†Department of Earth and Planetary Sciences, Weizmann Institute of Science, Rehovot 76100, Israel.
‡Environmental Chemistry and Technology Program, University of Wisconsin-Madison, Madison, Wisconsin, United States.
Environ Sci Technol. 2015 Jul 21;49(14):8777-85. doi: 10.1021/acs.est.5b01449. Epub 2015 Jul 10.
Inhalation of traffic-associated atmospheric particulate matter (PM2.5) is recognized as a significant health risk. In this study, we focused on a single ("subclinical response") exposure to water-soluble extracts from PM collected at a roadside site in a major European city to elucidate potential components that drive pulmonary inflammatory, oxidative, and defense mechanisms and their systemic impacts. Intratracheal instillation (IT) of the aqueous extracts induced a 24 h inflammatory response characterized by increased broncho-alveolar lavage fluid (BALF) cells and cytokines (IL-6 and TNF-α), increased reactive oxygen species production, but insignificant lipids and proteins oxidation adducts in mouse lungs. This local response was largely self-resolved by 48 h, suggesting that it could represent a subclinical response to everyday-level exposure. Removal of soluble metals by chelation markedly diminished the pulmonary PM-mediated response. An artificial metal solution (MS) recapitulated the PM extract response. The self-resolving nature of the response is associated with activating defense mechanisms (increased levels of catalase and glutathione peroxidase expression), observed with both PM extract and MS. In conclusion, metals present in PM collected near roadways are largely responsible for the observed transient local pulmonary inflammation and oxidative stress. Simultaneous activation of the antioxidant defense response may protect against oxidative damage.

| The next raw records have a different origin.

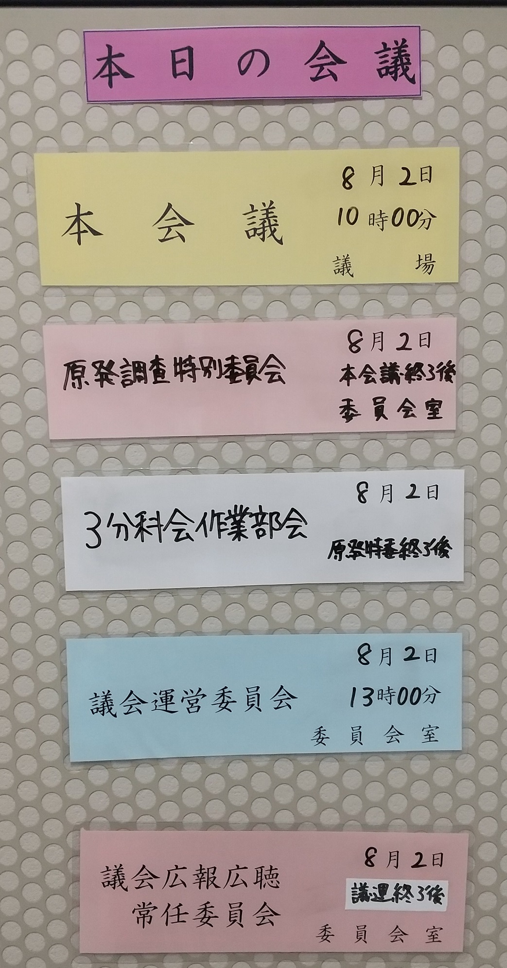 今日は随時会議をはじめ、いくつかの会議がありました。随時会議→会派代表者会議→予算決算分科会→議会運営委員会→広報広聴常任委員会と続き、その間にも打ち合わせを重ねることになりました。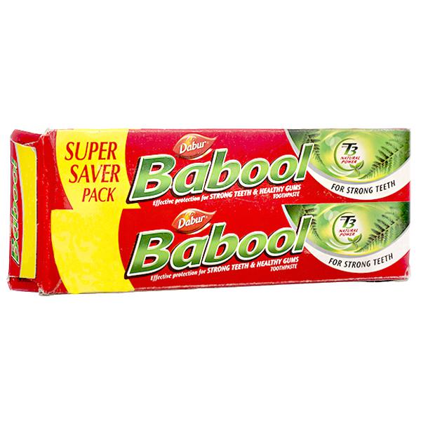 Babool Toothpaste is natural toothpaste packed with the medicinal benefits of Babool tree extract 'Acacia Arabica', used traditionally to clean teeth in India. The Babul herbal extract in Dabur's Babool Toothpaste helps keep your gums healthy and teeth strong by preventing swelling, bleeding and decay. The tooth paste has the Natural T3 Power which has a unique 1-2-3 action that gives the teeth effective protection. T1, its antibacterial power fights against germs, T2, Forms a protective layer over gums and protects it against Germs & T3, its astringent action tightens the gums. Brush teeth twice daily with Babool toothpaste for maximum benefits. With the Super Saver pack, get two Babool toothpaste at Rs.70 only.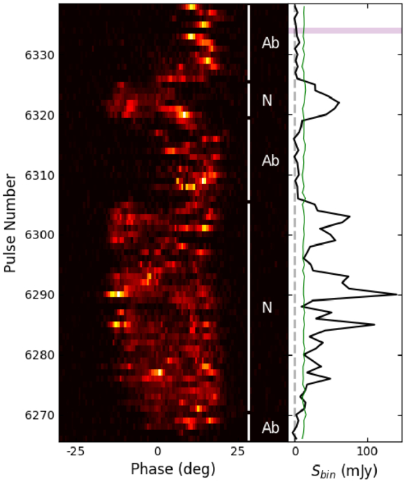 A sequence of 73 consecutive single pulses from RRAT J1541+4703 in its NP state, demonstrating mode-changing behavior. The right panel shows the Sbin values (black) and separation thresholds (green) for each pulse, with purple horizontal fills indicating null pulses.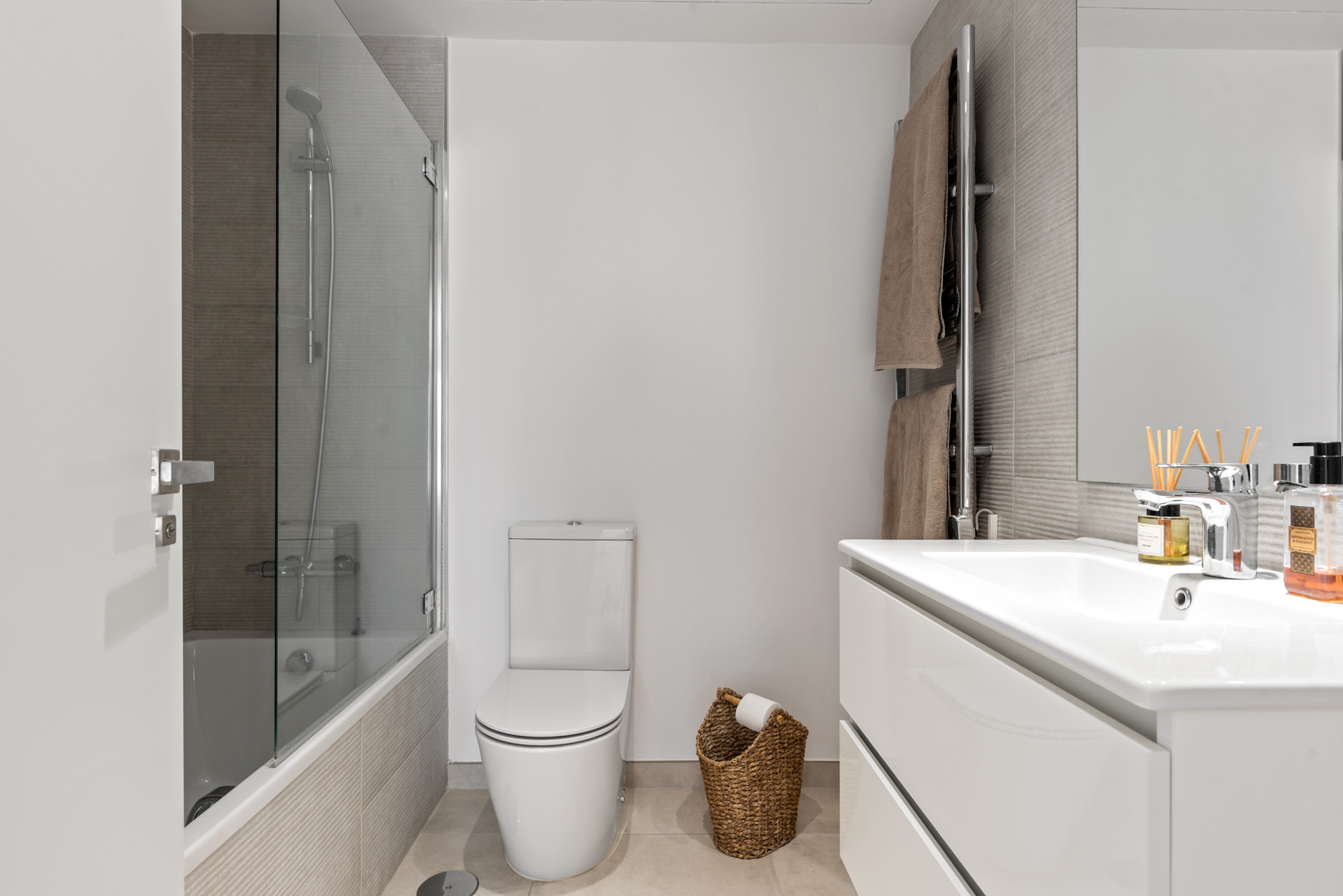 Auf 114 m² ist die Wohnung für müheloses Eleganz konzipiert. Der offene Wohnbereich verfügt über maßgefertigte Schreinerei, eine schlichte, vollausgestattete Küche und einen elektrischen Kamin, der eine warme und einladende Atmosphäre schafft. Ein zusätzlicher Bioethanol-Kamin auf der Terrasse ermöglicht es Ihnen, die Meeresbrise in gemütlicher Geborgenheit zu genießen, unabhängig von der Jahreszeit. Bodentiefe Glastüren rahmen die atemberaubenden Panoramaausblicke und verbinden das Innen- und Außenleben nahtlos.

吸入交通相关的大气颗粒物(PM2.5)被认为是一个重大的健康风险。在这项研究中,我们专注于单次(“亚临床反应”)暴露于在欧洲主要城市路边采集的 PM 的水溶性提取物,以阐明潜在的驱动肺部炎症、氧化和防御机制及其系统影响的成分。水提取物的气管内滴注(IT)诱导了 24 小时的炎症反应,其特征是支气管肺泡灌洗液(BALF)细胞和细胞因子(IL-6 和 TNF-α)增加、活性氧产生增加,但小鼠肺部的脂质和蛋白质氧化加合物没有增加。这种局部反应在 48 小时内基本得到自我解决,表明它可能代表了日常水平暴露的亚临床反应。通过螯合去除可溶性金属大大降低了 PM 介导的肺部反应。人工金属溶液(MS)再现了 PM 提取物的反应。观察到 PM 提取物和 MS 都能激活防御机制(增加过氧化氢酶和谷胱甘肽过氧化物酶表达水平),这与反应的自我解决性质有关。总之,道路附近采集的 PM 中存在的金属在很大程度上导致了观察到的短暂局部肺部炎症和氧化应激。抗氧化防御反应的同时激活可能会防止氧化损伤。